Текст: Андрей Васянин
«Зависть» – один из главных русских романов XX века, книга про сквозного для русской литературы героя, лишнего человека, на сей раз – постреволюционной России со всеми присущими «лишним» грехами, но прежде всего завистью. Николай Кавалеров движим завистью ко всему, что встречается ему на пути. Ревнует к благополучию хозяина квартиры, в которую тот селит его, подобранного на улице, завидует здоровью его приемного сына-футболиста, злясь на строящийся вокруг него, такого великого и неоцененного, новый мир образца 1927 года, времени выхода книги.
Кураторы сплавляют на выставке мир художественный и документальный, метафору и реальность.
Места на первом этаже музея не так много, но это только вдохновляет авторов выставки, старающихся насытить смыслами каждый метр зала. Скамья-топчан, на которой спал Кавалеров, укрыта целым покрывалом историй, созданных рукой художника Михаила Сорокина: змеи вместо завязок на кальсонах Андрея Бабичева, дьявол, склоняющий к смертному греху зависти, и сам Кавалеров – на диване, притворяется спящим. Художник работал по ткани без трафаретов, маркером, потом акрилом.
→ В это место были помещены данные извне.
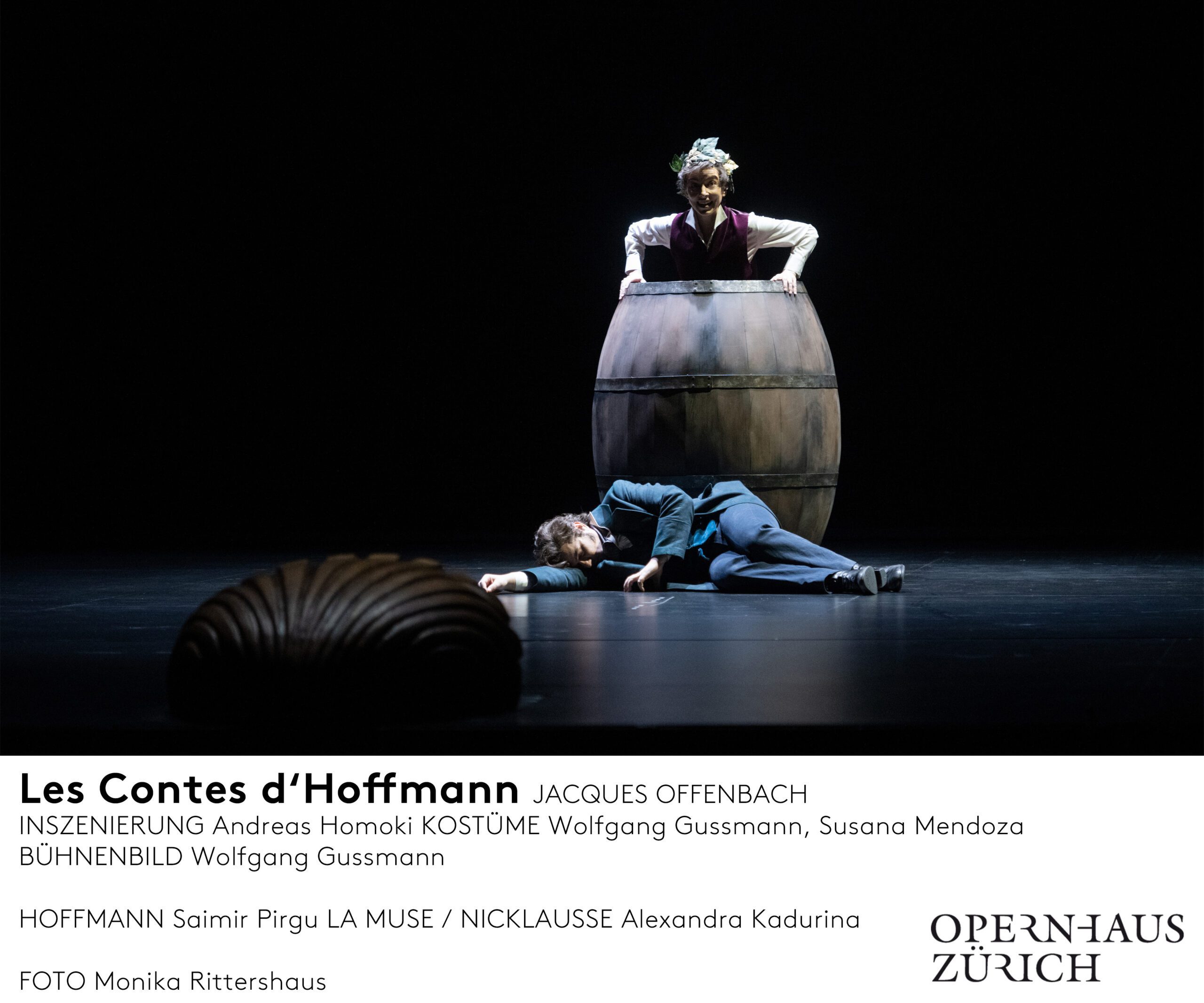 Nach dem lauten Blätterrauschen rund um die Demission von Operndirektor Michael Fichtenholz soll sie im Idealfall für frische Schlagzeilen sorgen, die neue Produktion von „Les contes d’Hoffmann“ am Opernhaus Zürich. Der ebenfalls in Bedrängnis geratene Haus-Chef Andreas Homoki bringt als Regisseur das Opus summum des Kölner Parisers heraus, nur elf Jahre nach der erfolgreichen letzten Zürcher Premiere von Offenbachs einhundertzweiter (!) und letzter Oper. Nach dem Premierenstream folgen, Stand Redaktionsschluss, vier „echte“ Vorstellungen im Mai. Er interessiere sich für den Spaß in so vielen Situationen, die sich der ausgebuffte Theaterprofi Offenbach da wirkungsvoll erdacht habe, erklärt Homoki; der Faust’sche Theaterdirektor hätte sofort zugestimmt. Doch diese Spaß-Situationen stehen dann zwei Akte lang so schablonenhaft verhandelt, lose und steif nebeneinander, dass die Nummernoper zur Revue wird. Der fehlt freilich die Showtreppe: Ein großes Fass und das erhöhte, zur berühmten Barcarole unfehlbar schaukelnde Bühnentrapez in der Mitte (Wolfgang Gussmann) sind karge Bühnenbildkost und können eine stringente Entwicklung von Figuren und Plot nicht ersetzen. Auch die Kostüme strahlen jedenfalls am Bildschirm mehr Fundus aus denn Grand opéra.
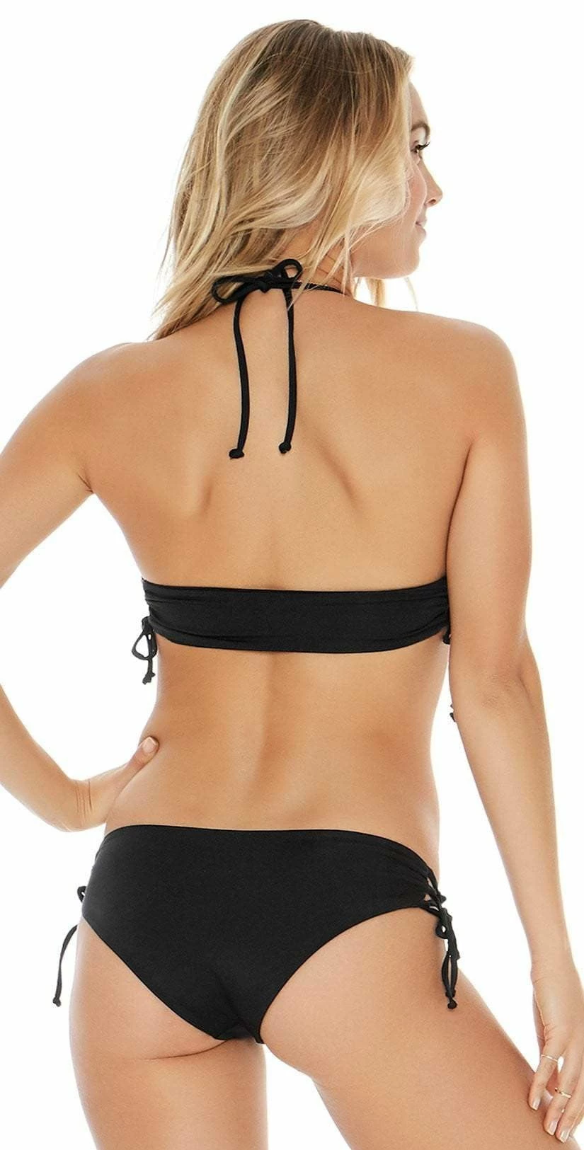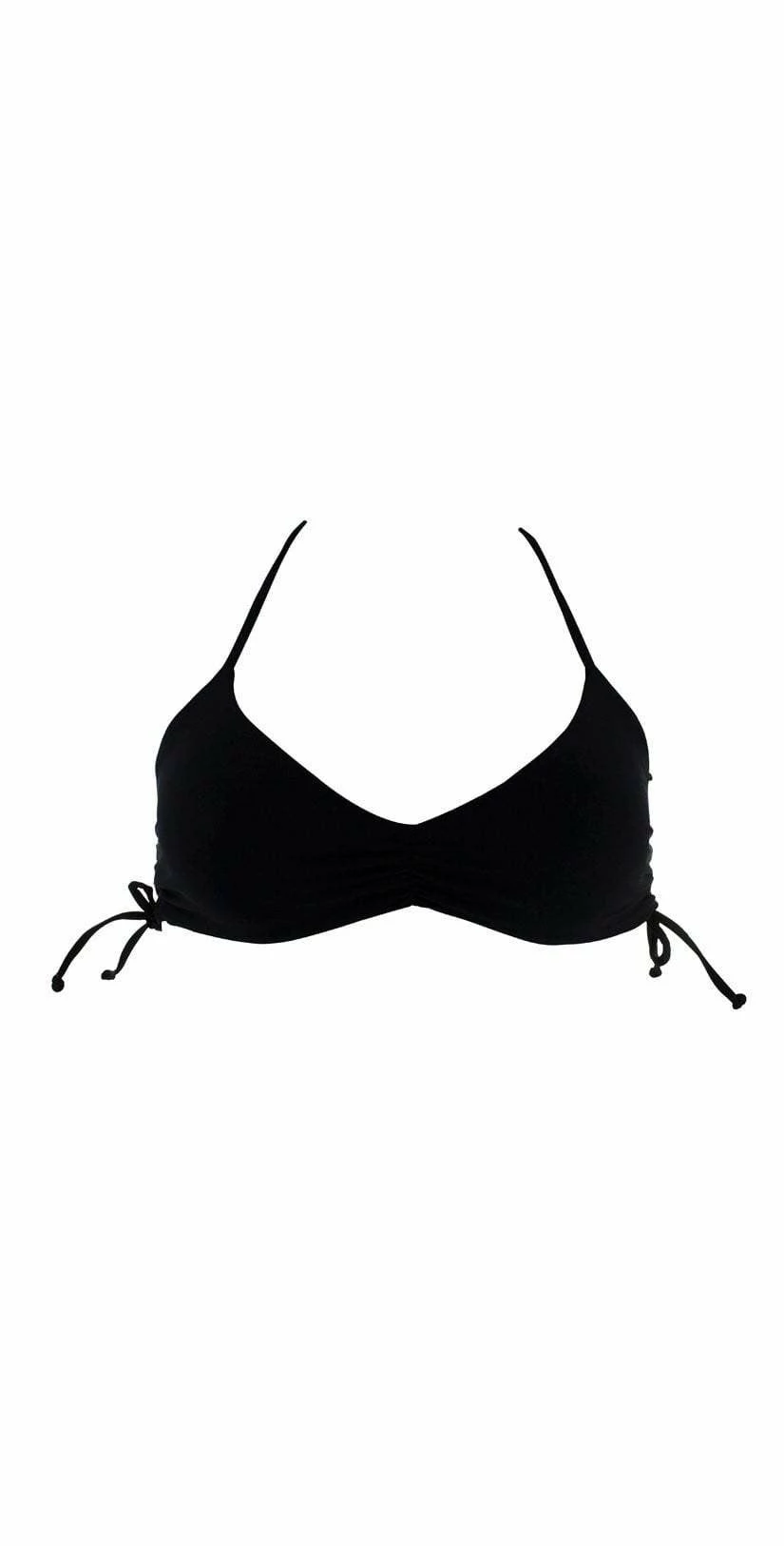 The L Space Gwen Top In Black is a bralette-style top with sexy side lace-up details that are adjustable. This super sporty top is a pullover style with a ruched v neck that ties at the neck and pairs with the matching L Space Ella bottoms.

"Он поет по утрам в клозете" – первая, знаменитая фраза романа. На возвышении в углу зала – расписной унитаз, почти писсуар Дюшана, на дверце бутафорского клозета – футбольные стикеры-вымпелы Володи-футболиста. Фрагмент той самой песни про здоровый кишечник, которую пел по утрам хозяин квартиры, нанесена на прозрачный лист в образе облака, одного из тех, что висят над головами зрителей по всему залу с цитатами из романа. «С высот благополучия спустили вы на меня облако постели...» – авторы выставки напоминают о письме Кавалерова приютившему его Бабичеву.
«Страшная кровать. Я боялся ее, как привидения» – следующее облако, уже в декорации комнаты мадам Прокопович, 40-летней жирной дамы, приютившей в конце романа Кавалерова, всю жизнь мечтавшего о необычайной любви.
При входе на выставку зрителя встречает кинетическая скульптура Виктора Гоппе – сочленения деревянных плоскостей и стальных лент, образ машины «Офелия», способной якобы творить чудеса, но так и не появляющейся в романе. На столе в посередине зала – пивная кружка: Иван, брат Андрея Бабичева, шляется по пивным, рисует за деньги портреты. Не многовато ли метафор и смыслов на выставке, рассчитанной, в том числе, на публику, не читавшую «Зависть» и с трудом вспоминающую фильм «Три толстяка» по пьесе Юрия Олеши?
Но, по словам кураторов, это и было их задачей – вернуть роман Олеши в круг чтения. Ведь он – не только о зависти, но и о времени, в которое писался. "Это настолько емкая метафора времени, настолько всеобъемлющая, не принимающая никакую из сторон, боровшихся тогда, что без «Зависти» невозможно понять ни двадцатых годов, ни ХХ столетия в целом", – говорит директор Государственного музея истории российской литературы имени Даля Дмитрий Бак.
Реальность XX века встречает зрителя, поднимающегося на второй этаж Дома-музея – вот эскизы костюмов и режиссерские наброски 1929 года к вахтанговскому спектаклю "Заговор чувств" по пьесе на основе романа, оригиналы авторской правки и набросков к пьесе. Завершает выставку результат исследования – дерево с ветками-планками, на которых сотрудники музея выписали из романа "Зависть" слова, называющие чувства. На «дереве» хватило места не всем.